▶ SUPPLIED DATA

------------------------------------------------------------------------

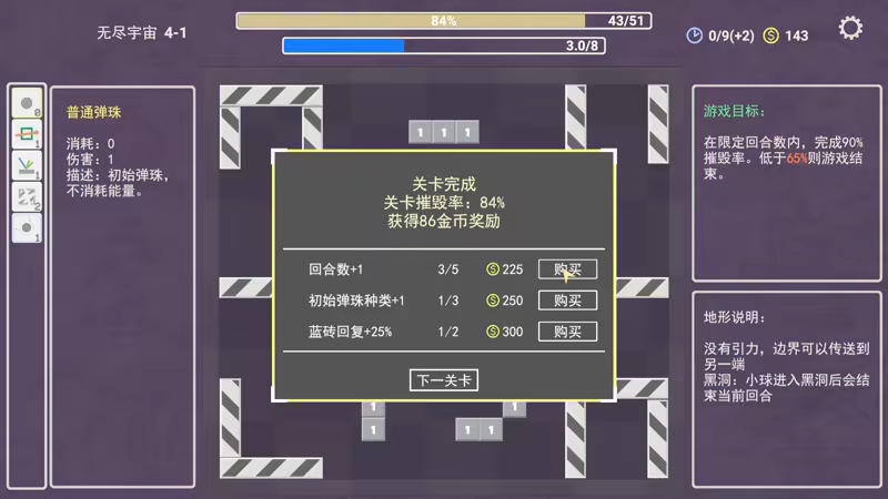 2. 每次关卡完成后会获得金币奖励,奖励数量取决于摧毁率,达到90%摧毁率为最高。使用金币可以购买一些属性提升。
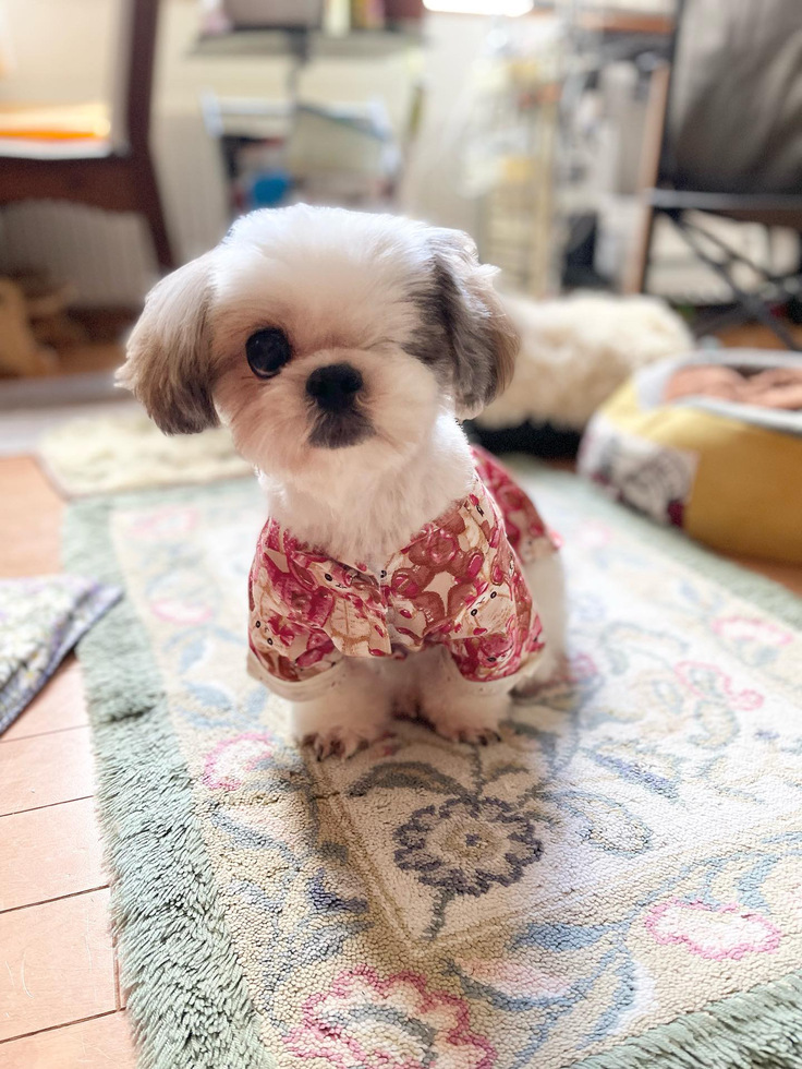 毛並みも良くなり、かわいいお洋服を着せてもらい、幸せに暮らしているマンラッシュちゃん。
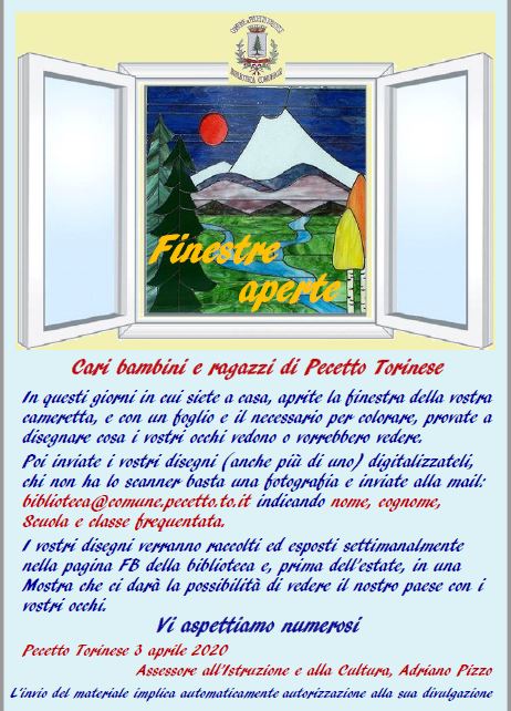 “Cari bambini e ragazzi di Pecetto Torinese,in questi giorni in cui siete a casa, aprite la finestra della vostra cameretta, e con un foglio e il necessario per colorare, provate a disegnare cosa i vostri occhi vedono o vorrebbero vedere.Poi inviate i vostri disegni (anche più di uno) digitalizzateli, chi non ha lo scanner basta una fotografia e inviate alla mail: biblioteca@comune.pecetto.to.it indicando nome, cognome, Scuola e classe frequentata.I vostri disegni verranno raccolti ed esposti settimanalmente nella pagina FB della biblioteca e, prima dell’estate, in una Mostra che ci darà la possibilità di vedere il nostro paese con i vostri occhi.Vi aspettiamo numerosi” Così l’Assessorato all’Istruzione e alla Cultura del Comune di Pecetto, in tempi di coronavirus, lancia la simpatica iniziativa “Finestre aperte”.

------------------------------------------------------------------------

▶ TASK OBJECTIVE
Return the material line for line, from its beginning to the line that contains "毛並みも良くなり、かわいいお", with the pictures left out.

▶ ANSWER FOR THE TASK
 2. 每次关卡完成后会获得金币奖励,奖励数量取决于摧毁率,达到90%摧毁率为最高。使用金币可以购买一些属性提升。
 毛並みも良くなり、かわいいお洋服を着せてもらい、幸せに暮らしているマンラッシュちゃん。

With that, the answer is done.